**Information provided:**
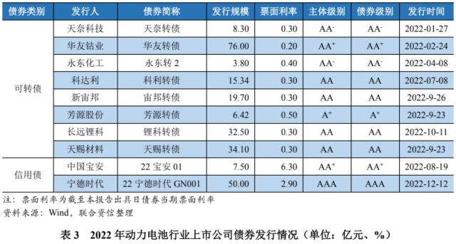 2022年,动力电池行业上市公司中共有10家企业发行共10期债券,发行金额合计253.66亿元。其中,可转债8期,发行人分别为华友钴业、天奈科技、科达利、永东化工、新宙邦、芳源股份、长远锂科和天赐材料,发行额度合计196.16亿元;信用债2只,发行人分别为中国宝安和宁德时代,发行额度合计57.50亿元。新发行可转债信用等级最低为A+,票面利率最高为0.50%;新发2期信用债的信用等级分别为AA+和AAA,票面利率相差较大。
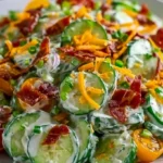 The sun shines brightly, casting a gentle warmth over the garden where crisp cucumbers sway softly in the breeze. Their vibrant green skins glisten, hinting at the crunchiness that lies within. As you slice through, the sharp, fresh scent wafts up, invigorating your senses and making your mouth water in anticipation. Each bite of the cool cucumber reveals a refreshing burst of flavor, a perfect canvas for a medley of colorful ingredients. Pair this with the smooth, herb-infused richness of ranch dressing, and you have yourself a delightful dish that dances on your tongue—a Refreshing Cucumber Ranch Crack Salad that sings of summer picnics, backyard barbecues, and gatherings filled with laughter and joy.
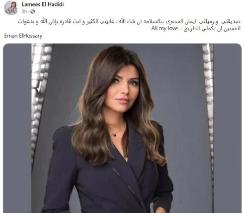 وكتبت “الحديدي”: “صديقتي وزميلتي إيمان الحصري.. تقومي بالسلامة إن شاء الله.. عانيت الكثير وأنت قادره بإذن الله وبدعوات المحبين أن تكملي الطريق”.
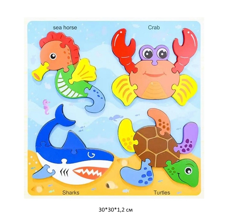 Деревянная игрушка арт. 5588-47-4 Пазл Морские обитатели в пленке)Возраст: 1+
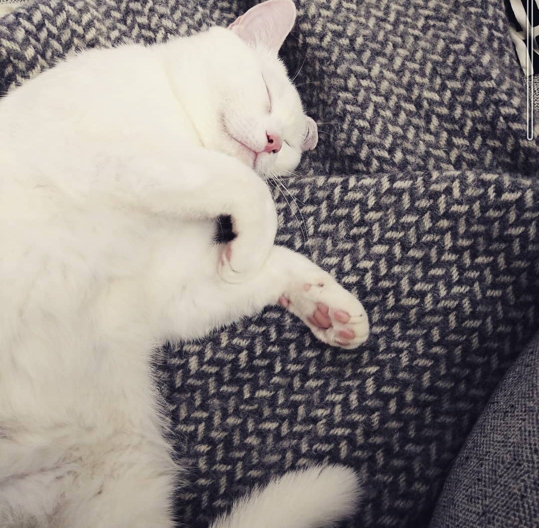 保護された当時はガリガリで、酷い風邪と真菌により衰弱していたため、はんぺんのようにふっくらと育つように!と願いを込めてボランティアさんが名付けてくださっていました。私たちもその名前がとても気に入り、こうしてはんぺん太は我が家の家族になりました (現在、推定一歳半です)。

**Work to complete:** The images are to be left out; every line above should be set down exactly.

**Answer to this exercise:**
 2022年,动力电池行业上市公司中共有10家企业发行共10期债券,发行金额合计253.66亿元。其中,可转债8期,发行人分别为华友钴业、天奈科技、科达利、永东化工、新宙邦、芳源股份、长远锂科和天赐材料,发行额度合计196.16亿元;信用债2只,发行人分别为中国宝安和宁德时代,发行额度合计57.50亿元。新发行可转债信用等级最低为A+,票面利率最高为0.50%;新发2期信用债的信用等级分别为AA+和AAA,票面利率相差较大。
 The sun shines brightly, casting a gentle warmth over the garden where crisp cucumbers sway softly in the breeze. Their vibrant green skins glisten, hinting at the crunchiness that lies within. As you slice through, the sharp, fresh scent wafts up, invigorating your senses and making your mouth water in anticipation. Each bite of the cool cucumber reveals a refreshing burst of flavor, a perfect canvas for a medley of colorful ingredients. Pair this with the smooth, herb-infused richness of ranch dressing, and you have yourself a delightful dish that dances on your tongue—a Refreshing Cucumber Ranch Crack Salad that sings of summer picnics, backyard barbecues, and gatherings filled with laughter and joy.
 وكتبت “الحديدي”: “صديقتي وزميلتي إيمان الحصري.. تقومي بالسلامة إن شاء الله.. عانيت الكثير وأنت قادره بإذن الله وبدعوات المحبين أن تكملي الطريق”.
 Деревянная игрушка арт. 5588-47-4 Пазл Морские обитатели в пленке)Возраст: 1+
 保護された当時はガリガリで、酷い風邪と真菌により衰弱していたため、はんぺんのようにふっくらと育つように!と願いを込めてボランティアさんが名付けてくださっていました。私たちもその名前がとても気に入り、こうしてはんぺん太は我が家の家族になりました (現在、推定一歳半です)。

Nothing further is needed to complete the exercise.